It is well known that heuristic rules, particularly problem-specific rules, often play an important role in successful applications of GAs. What kinds of rules to introduce and how to integrate them into algorithms effectively are challenging tasks and usually need to be taken into account in the GA design stage. The permutation representation discussed in Section 4.1 makes it very easy to integrate the following NCP-specific rules.

*Rule 1. *All evolutionary operations only apply to potential coding nodes and links.

*Rule 2. *When initializing the first generation, a certain proportion of chromosomes will allow coding on all potential coding nodes, and for a potential coding node which has multiple outgoing links, choose at least one link randomly as a coding link. This rule can help to find a solution to achieve the target rate, if it is achievable, at all sinks.

*Rule 3. *Furthermore, in the initialization of the first generation, another proportion of chromosomes will allow no coding at all. This rule can help to explore the possibility of maximizing the rate actually achieved at the minimum cost of resources.

*Rule 4. *In either initialization or evolutionary operations, the states of incoming links of a potential coding node should be determined in such a way that the node will receive as many different signals as possible. In other words, the signals to a potential coding node should be diversified as much as possible. This rule will allow as many choices as possible for network protocols and coding schemes and therefore can help to diversify a generation. It should be noted that it is the proposed permutation representation that makes it possible to integrate this rule into the algorithm, because the information flow on links associated with a chromosome can be easily checked out to see whether the signals to potential coding nodes are effectively diversified.

*Rule 5. *For a potential coding node with multiple outgoing links, there should be a high probability that the outgoing links have different states. This rule also takes advantage of the proposed permutation representation and can help to diversify a generation.

It should be noted that Rules 4 and 5 cannot be used by the methods reported in [2, 7–9], because the application of Rules 4 and 5 demands the availability of the exact information flow on links, which is guaranteed by the chromosome structure adopted in this paper. As will be revealed by the simulation results, Rules 4 and 5 can significantly improve the quality of chromosomes.

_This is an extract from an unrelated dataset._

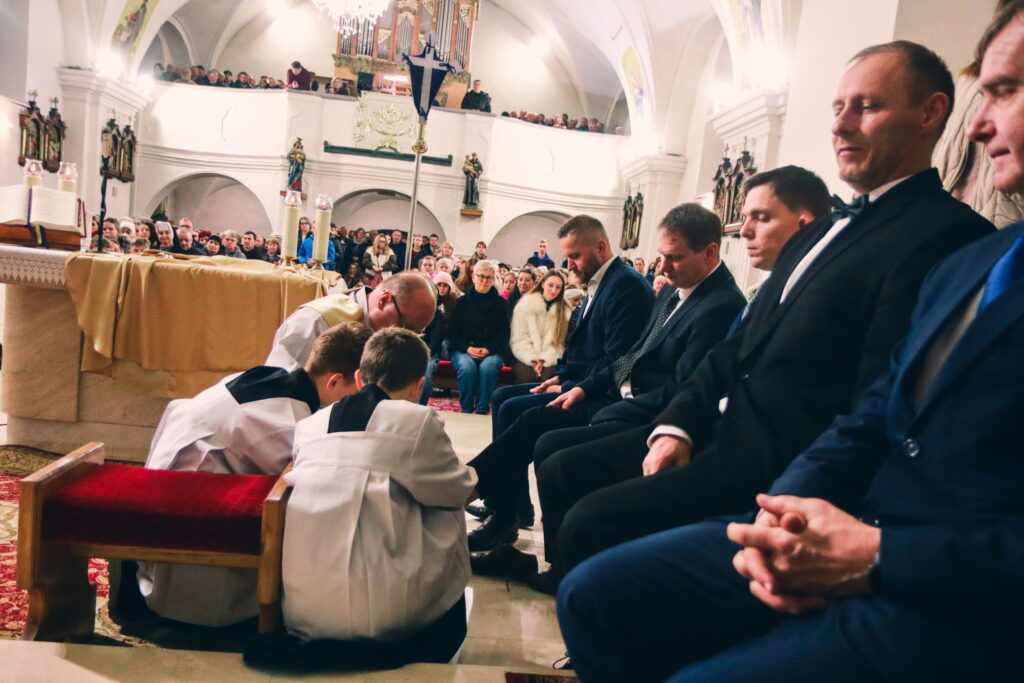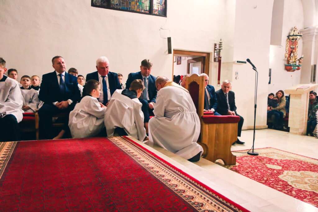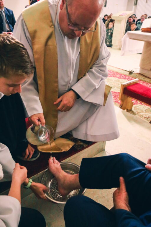 Vo Štvrtok svätého týždňa (Zelený štvrtok) pripomenul Krista, ktorý v tento deň ustanovil Oltárnu sviatosť a kňazstvo a ukázal sa nám ako Láska. Priblížilo to aj Ježišovo umývanie nôh učeníkom – dôkazom, že neprišiel dať sa obsluhovať, ale slúžiť. Počas svätej omše tak urobil aj náš pán farár vybraným mužom. Povzbudil nás slovami: „Dajme si sľub, že chceme Pána Ježiša nasledovať, aj keď sa nám často nechce ísť do kostola, konať skutky lásky a tým prežívať intenzívnejšie vzťah k Bohu a blížnemu.“ Štvrtok má však aj širší rozmer spoločenstva. Dopoludnia sa v katedrálach konali tzv. missa chrismatis, na ktorej sa kňazi stretli so svojím biskupom. Je to silný moment jednoty a vďaky za službu, ktorú v diecéze vykonávajú.

##### 4.4. SRHC Related Modifications in GA

In order to properly integrate the above GA-related designs into the SRHC for the NCP, two modifications are necessary. One is related to the chromosome structure, and the other to the mutation operation. Hereafter for distinguishing purposes, a GA designed according to the above three subsections is referred to as GlobalGA, because no problem partitioning method is used, whilst a GA with the SRHC-related modifications discussed in this subsection is called SRHCGA. The SRHCGA can also be interpreted as the combination of the SRHC with GA, or an SRHC method with GA as optimizer.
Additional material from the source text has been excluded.